OpenWolf (cytostack/openwolf) is our upstream project. While OpenOwl is architecturally different (OpenCode vs Claude Code), many concepts, patterns, and security findings are transferable. We need a structured process for periodically reviewing upstream developments without attempting mechanical feature porting.

Proposed Process

Periodic Upstream Review (suggested: bi-weekly or on notable upstream activity)

Each OpenWolf PR/issue gets classified into one of three buckets:

Classification Meaning Action
Adopt Concept applies directly to OpenOwl Implement or investigate promptly
Adapt Concept is relevant but needs OpenCode-native reimplementation Design and schedule
Skip Claude-specific or not applicable No action, note why

What to extract, not what to port

The key distinction: we port concepts and problems solved, not implementations. The implementation layer is fundamentally different (Claude Code SDK hooks vs OpenCode plugin hooks).

Example: OpenWolf PR #18 (worktree brain sharing) — the problem (shared brain files across worktrees) is universal. The implementation (parsing .git file, two-tier .wolf/ structure) may be transferable but must be validated against OpenCode's architecture.

Special categories

  • Security items — Always triage as Adopt regardless of scope. Dashboard auth, network exposure, and input validation issues likely apply to both projects.
  • Scanner enhancements — Language/framework support may differ since Claude Code and OpenCode may have different file-type affinities, but the pattern of extending scanner heuristics is transferable.
  • Dashboard features — UI/UX improvements and data visualizations are likely directly applicable since both use React.

Known Caveats and Gaps

  1. Hook architecture mismatch — OpenWolf uses Claude Code's PreToolUse/PostToolUse SDK hooks. OpenOwl uses OpenCode's tool.before/tool.after plugin hooks. A feature that depends on Claude-specific hook capabilities (e.g., tool parameter interception semantics) may not have a direct OpenCode equivalent.

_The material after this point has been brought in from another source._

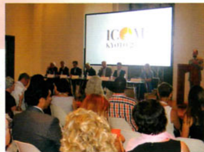
▲国際博物館会議(ICOM)大会は、世界中の博物館の専門家が参加する大変貴重な大会

  2. Command structure divergence — OpenWolf's CLI is openwolf init, openwolf scan, etc. OpenOwl's is npx openowl init, npx openowl scan. Feature parity at the CLI level doesn't mean implementation parity.

  3. Upstream may adopt our patterns — PR #9 (OpenCode support) shows upstream is aware of OpenCode. Future upstream changes may already account for OpenCode patterns, reducing the need for separate adaptation.

  4. Dependency differences — OpenWolf and OpenOwl may diverge in optional dependencies (chokidar, express, node-cron, ws). A feature relying on a dependency we've dropped may need rearchitecting.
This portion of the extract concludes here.